Humm.. Not sure but, with this way of writing forms, it seems that the framework has all the informations needed to also provide client-side input validators (ie Javascript validation). Which would of course be great and give a lovely feeling to the users (if provided with graceful degradation...). Is there anything in symfony 1.2 that enables it without writing a lot more code ? Any plugin maybe ?
I like the sfPropelRouteCollection and the concept of admin bar when accessing the object with its token. :)
Does this limit you to having your forms in a table instead of div statements and using CSS to style them?

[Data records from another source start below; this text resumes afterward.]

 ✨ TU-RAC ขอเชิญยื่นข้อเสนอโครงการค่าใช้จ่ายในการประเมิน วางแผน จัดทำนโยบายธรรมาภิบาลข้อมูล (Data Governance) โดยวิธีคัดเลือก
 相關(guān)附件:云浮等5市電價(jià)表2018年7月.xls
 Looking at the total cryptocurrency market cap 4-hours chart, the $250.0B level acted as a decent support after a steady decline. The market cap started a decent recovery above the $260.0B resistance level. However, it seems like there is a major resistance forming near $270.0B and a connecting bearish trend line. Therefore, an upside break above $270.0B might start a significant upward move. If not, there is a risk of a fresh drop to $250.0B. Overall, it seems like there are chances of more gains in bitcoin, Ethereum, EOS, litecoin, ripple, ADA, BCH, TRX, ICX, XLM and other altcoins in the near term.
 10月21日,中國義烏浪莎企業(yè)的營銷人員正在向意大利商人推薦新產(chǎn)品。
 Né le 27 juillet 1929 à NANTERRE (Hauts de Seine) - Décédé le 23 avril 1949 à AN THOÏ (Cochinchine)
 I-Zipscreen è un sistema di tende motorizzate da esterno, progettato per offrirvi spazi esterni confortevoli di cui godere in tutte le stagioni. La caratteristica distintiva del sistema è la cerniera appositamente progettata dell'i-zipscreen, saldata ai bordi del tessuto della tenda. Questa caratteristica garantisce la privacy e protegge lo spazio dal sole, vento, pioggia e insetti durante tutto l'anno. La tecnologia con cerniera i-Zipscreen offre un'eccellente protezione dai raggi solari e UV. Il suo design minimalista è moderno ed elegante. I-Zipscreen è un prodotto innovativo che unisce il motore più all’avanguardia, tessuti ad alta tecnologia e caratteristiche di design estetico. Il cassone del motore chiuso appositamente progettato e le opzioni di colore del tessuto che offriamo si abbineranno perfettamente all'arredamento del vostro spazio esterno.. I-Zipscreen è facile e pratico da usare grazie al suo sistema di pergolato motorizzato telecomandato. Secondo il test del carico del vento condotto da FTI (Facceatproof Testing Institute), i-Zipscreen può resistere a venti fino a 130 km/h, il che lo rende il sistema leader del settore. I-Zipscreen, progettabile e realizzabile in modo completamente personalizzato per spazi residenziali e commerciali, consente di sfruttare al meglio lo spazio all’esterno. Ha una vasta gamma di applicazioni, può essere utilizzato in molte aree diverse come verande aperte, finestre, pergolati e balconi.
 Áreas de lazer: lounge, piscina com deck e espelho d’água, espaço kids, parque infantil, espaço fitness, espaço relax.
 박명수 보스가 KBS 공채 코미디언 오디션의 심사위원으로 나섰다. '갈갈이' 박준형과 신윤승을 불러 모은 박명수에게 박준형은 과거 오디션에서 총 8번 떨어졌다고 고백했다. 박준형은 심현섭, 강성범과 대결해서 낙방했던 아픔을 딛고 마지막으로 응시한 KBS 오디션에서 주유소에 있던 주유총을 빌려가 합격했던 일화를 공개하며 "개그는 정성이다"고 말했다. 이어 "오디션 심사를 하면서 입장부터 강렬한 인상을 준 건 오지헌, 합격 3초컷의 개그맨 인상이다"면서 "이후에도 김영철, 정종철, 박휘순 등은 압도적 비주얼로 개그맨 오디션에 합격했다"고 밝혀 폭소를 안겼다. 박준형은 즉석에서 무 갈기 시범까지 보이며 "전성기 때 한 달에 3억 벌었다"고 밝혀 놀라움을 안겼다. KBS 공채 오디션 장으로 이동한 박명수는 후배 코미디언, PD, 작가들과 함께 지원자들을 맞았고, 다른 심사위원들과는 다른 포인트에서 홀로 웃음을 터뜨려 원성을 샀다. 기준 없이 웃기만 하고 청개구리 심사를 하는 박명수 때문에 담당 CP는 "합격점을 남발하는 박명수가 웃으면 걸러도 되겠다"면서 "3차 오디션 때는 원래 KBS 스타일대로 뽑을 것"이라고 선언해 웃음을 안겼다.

Also what about attaching javascripts to certain fields. For example on my symfony 1.0 site, I am using auto complete in several fields, and others I create more fields based on the fact if all the fields are in use and another field is needed.
This is an awesome tutorial. Keep up the good work.

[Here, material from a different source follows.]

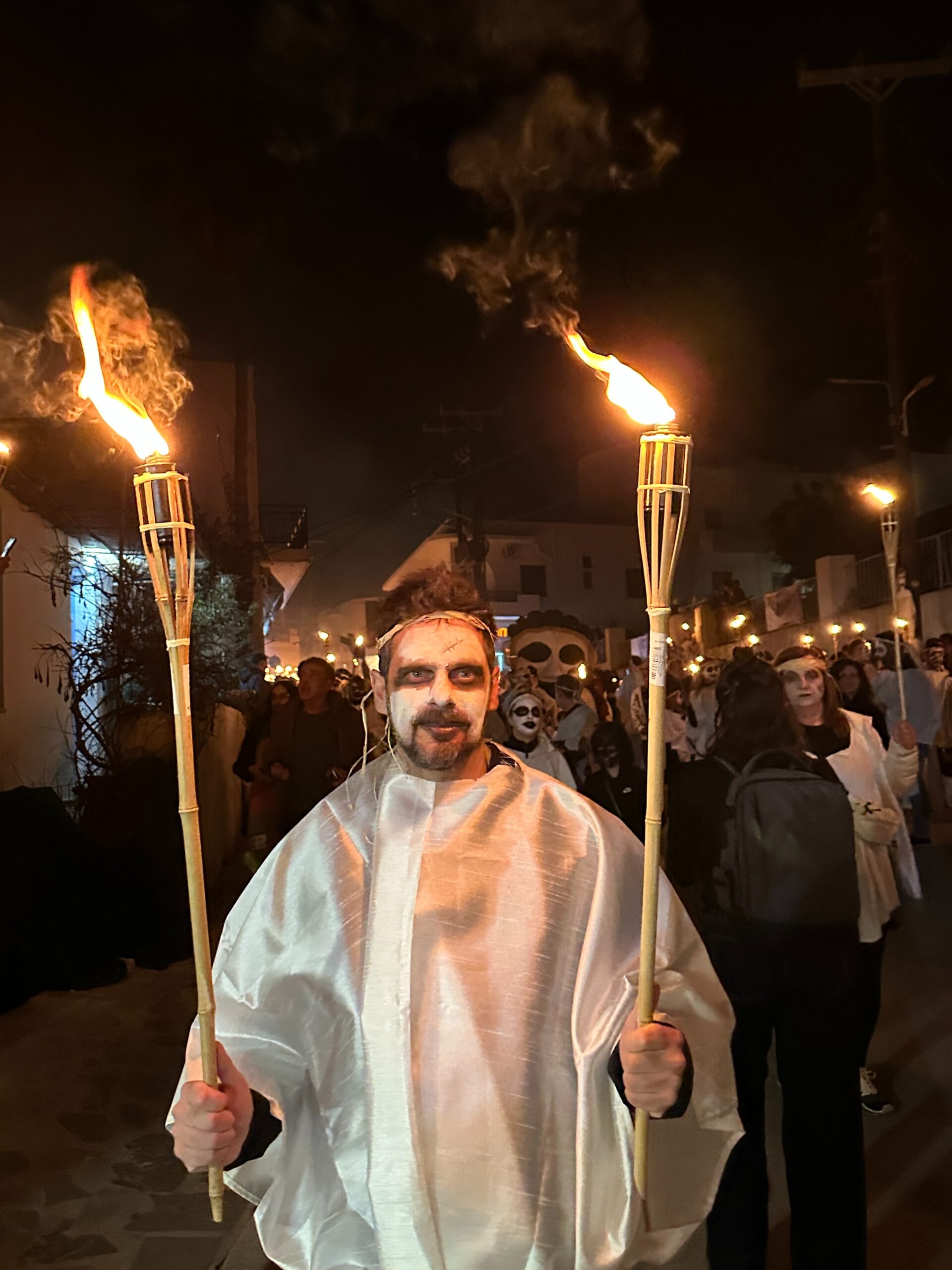 Υποδοχή στη Νάξο και πρώτη γνωριμία με το νησί. Περίπατος στο Κάστρο της Χώρα και επίσκεψη στην εμβληματική Πορτάρα ⛩️, με αφήγηση μύθων του Απόλλωνα και του Διονύσου. Βραδινό διονυσιακό δρώμενο με λαμπαδηφορία 🔥, μουσικές και ελεύθερο γλέντι.
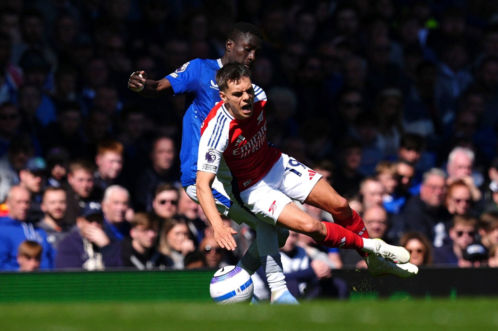 Arsenal’s weakened line-up struck first in the 34th minute when Raheem Sterling picked out Trossard and his low shot took Everton goalkeeper Jordan Pickford by surprise as it squirmed into the net.

For those who want their delete function to work i've changed following things:
job: class: sfPropelRouteCollection options: model: JobeetJob column: token object_actions: { publish: put, delete: delete } requirements: token: \w+
an then in the actions.class.php (executeDelete)
$request->checkCSRFProtection(); $job = $this->getRoute()->getObject(); $job->delete(); $this->getUser()->setFlash('notice', sprintf('Your job has been deleted.')); $this->redirect('job/index');
and then override the method delete from the BaseJobeetJob in JobeetJob
$logo = sfConfig::get('sf_upload_dir').'/jobs'.$this->getLogo(); unlink($logo); return parent::delete($con);
What about Doctrine version of this article? Why Doctrine version is so out of date?